There’s plenty to admire, from Chloe Zhao’s trademark “golden hour” lighting and artful cinematography to the ever-impressive visual effects when the fists start flying. So what then is the problem? It took a while for me to decide what exactly bothered me about the film’s twist and climax, and it boils down to the fact that it shoots for cosmic answers to questions far above its pay grade. Eternals basically addresses the question “What is the meaning of life?” And I did not like its answer.
Spoilers in this paragraph: According to the movie, Arishem actually created the galaxy and thus life on earth, and the way he is revered by the Eternals clearly paints him as a God-like figure. While he sends the Eternals to fight against the Deviants, the reason for defending humanity is not because he values human life for its own sake. Instead, one could point to the famous battery scene in The Matrix, but instead of that being humanity’s futuristic fate, the MCU has now explained that it was always humanity’s purpose, with the earth’s destruction as the end state. Ignoring the fact that the conflict sounds suspiciously like one of the storylines from Steven Universe, this revelation cheapens life more than I think the film intends. As a Christian, I believe that God created man in His image with a love for every individual, a sharp contrast to Arishem’s temporary benevolence. For viewers who don’t believe in a Creator, perhaps Eternals’ twist is simply a typical sci-fi revelation, one that admittedly does make for an interesting ethical debate as the various Eternals question whether to oppose not just a typical supervillain but the creative process itself. For me, though, it imbues the MCU itself with an uncomfortable nihilism, suggesting that all of mankind’s efforts are worthless in the eyes of “god” and making me question by what standard any right or wrong, love or hatred in this universe can be judged, even at Arishem’s level. Questions like this don’t seem to bother mainstream critics, only being broached by Christian film websites, but I do feel like this subversive trend is an unfortunate departure from the MCU up to this point.

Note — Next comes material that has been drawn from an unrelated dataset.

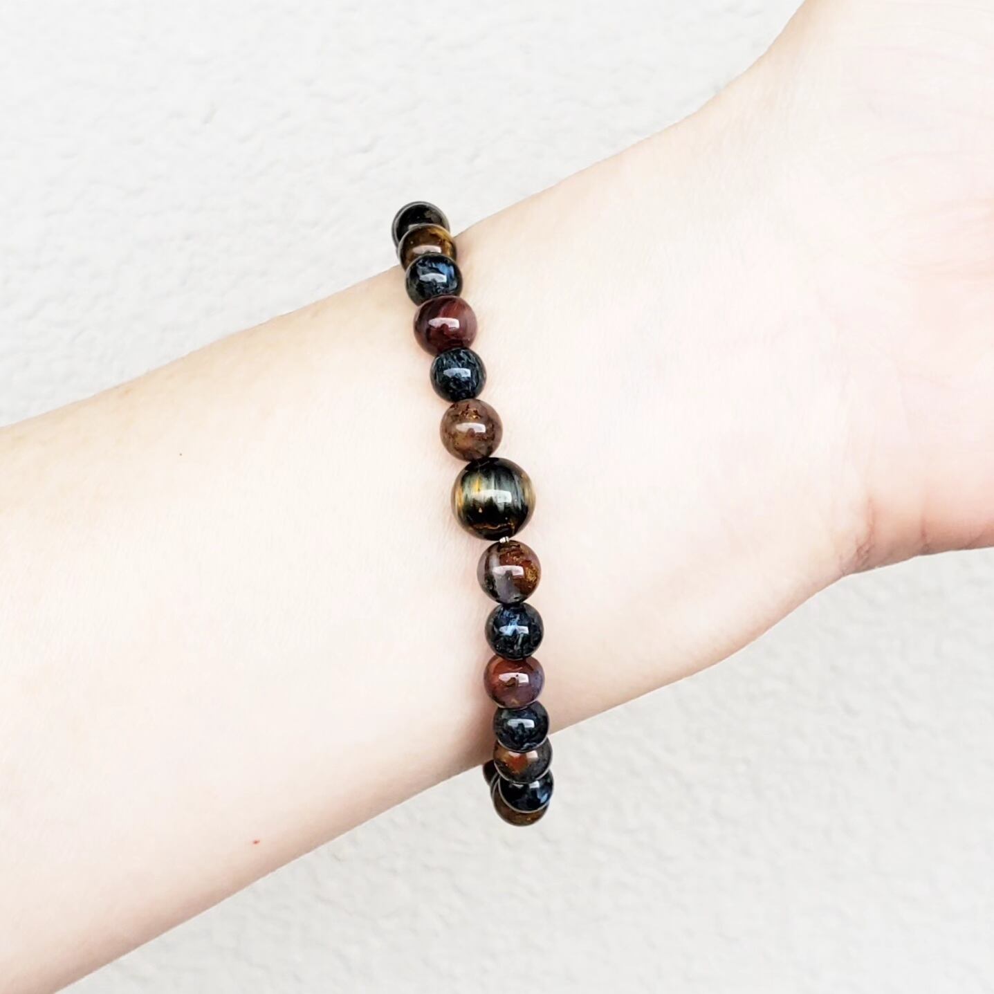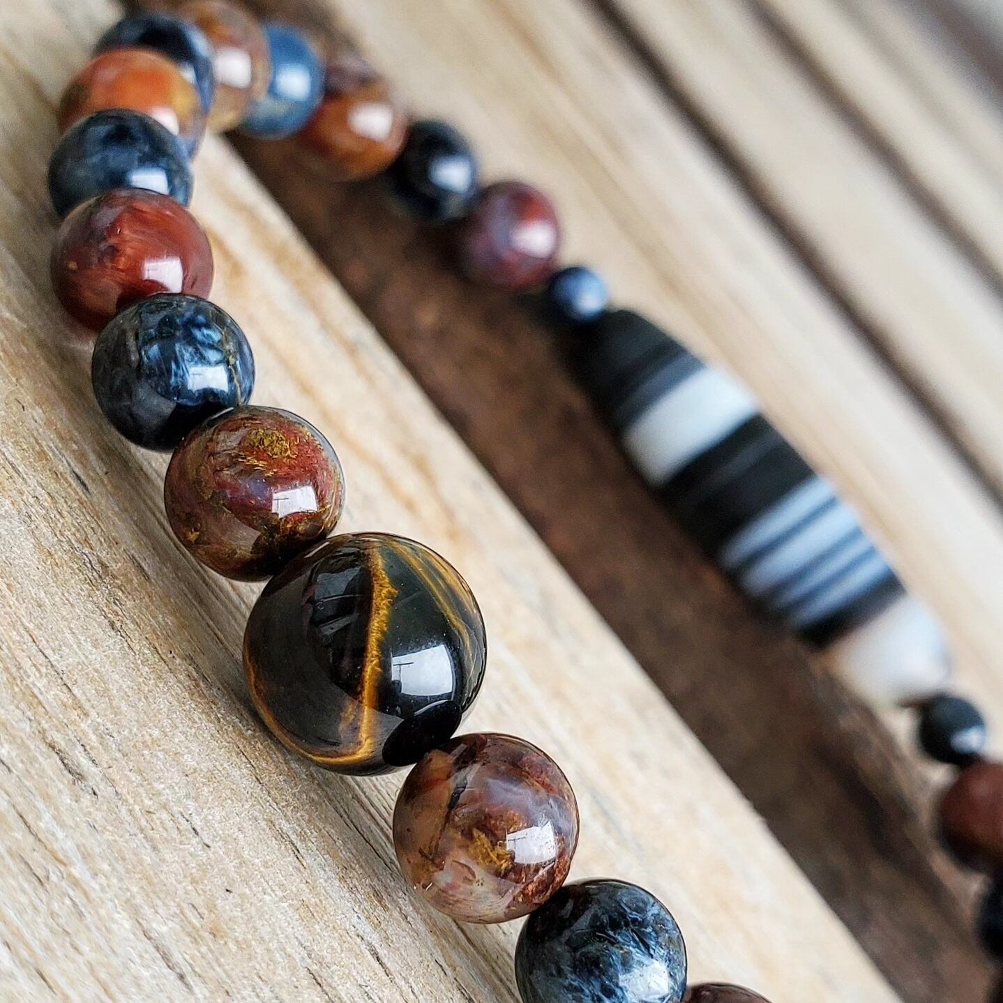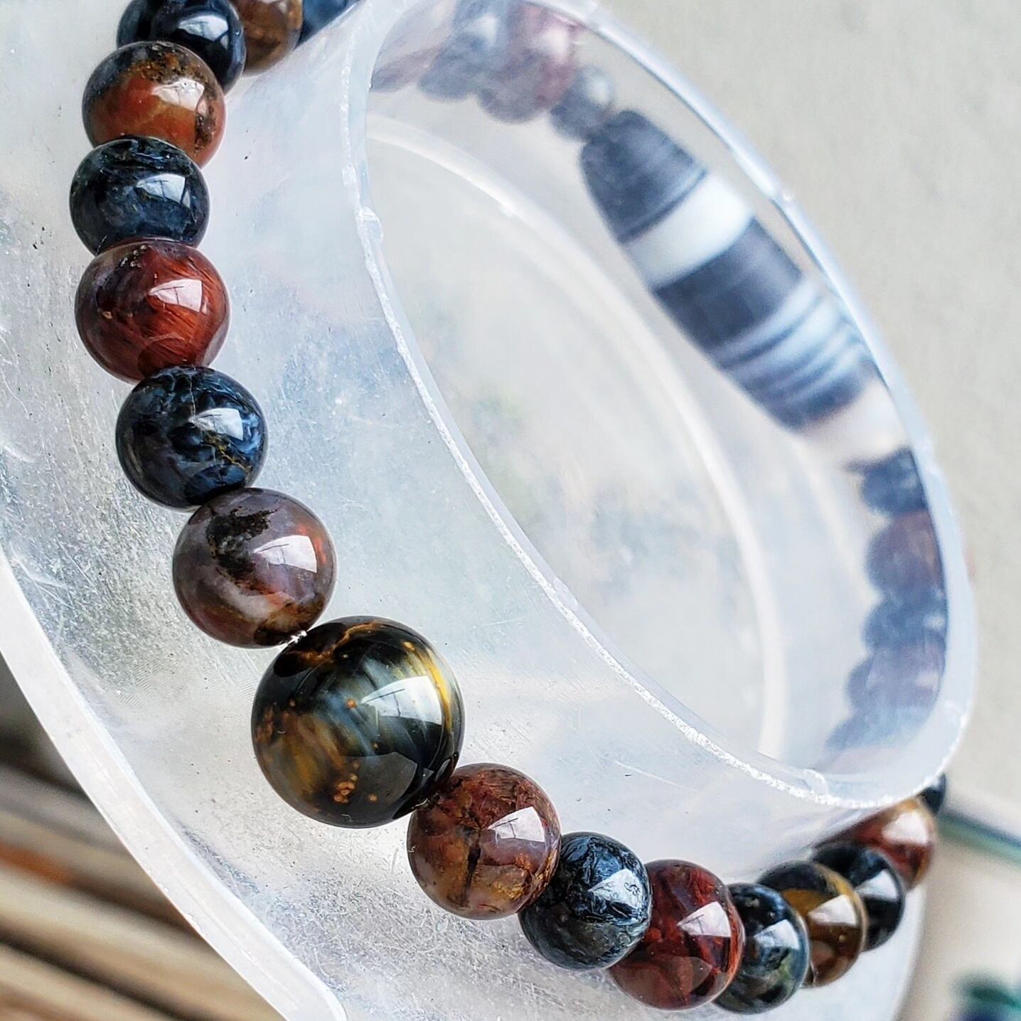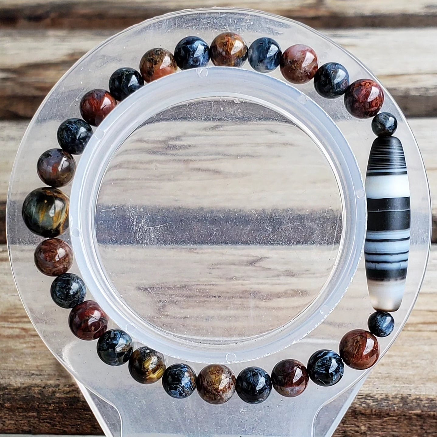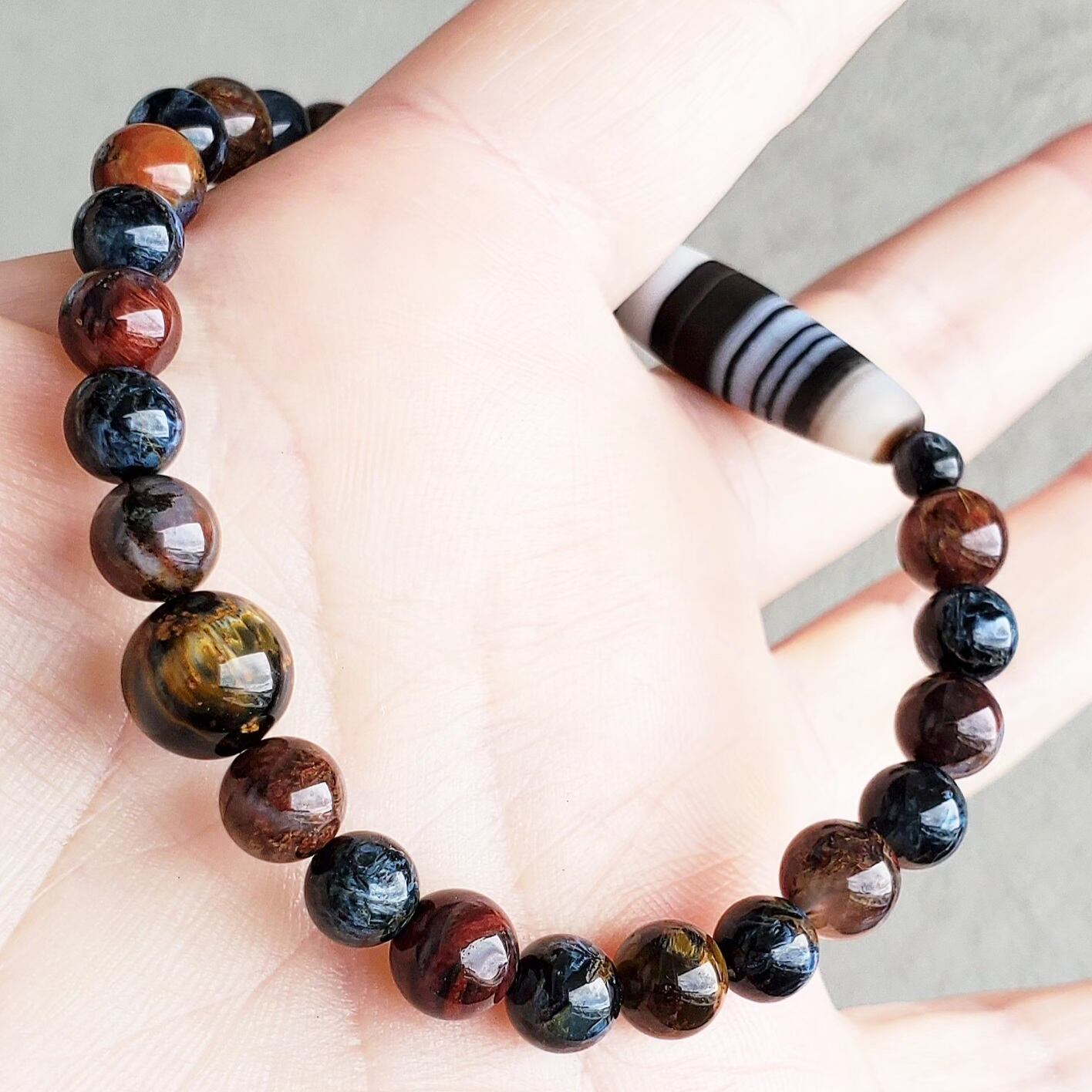 地殻変動などによって砕けたタイガーアイやホークスアイに、長い年月をかけ石英が染み込み再び固まった鉱物、ピーターサイト

The sheer amount of plot and characters is both a blessing and a curse for Eternals. One could argue there’s too much going on for the film to juggle, but that also means the things it does well can overshadow its thematic or pacing flaws, regardless of what one considers a flaw. The characters are as well-developed as they can be with so many on hand, the often serious tone is still livened by some well-timed humor, and the visuals have an epic scale that rivals the biggest Marvel movies. Despite my qualms over the film’s worldview, I can’t help but admire Zhao’s managing of a film that is clearly intended to set up much of the Marvel universe to come. I just hope those future installments can make up for this one’s missteps.
Best line: (Thena) “We have loved these people since the day we arrived. When you love something, you protect it.”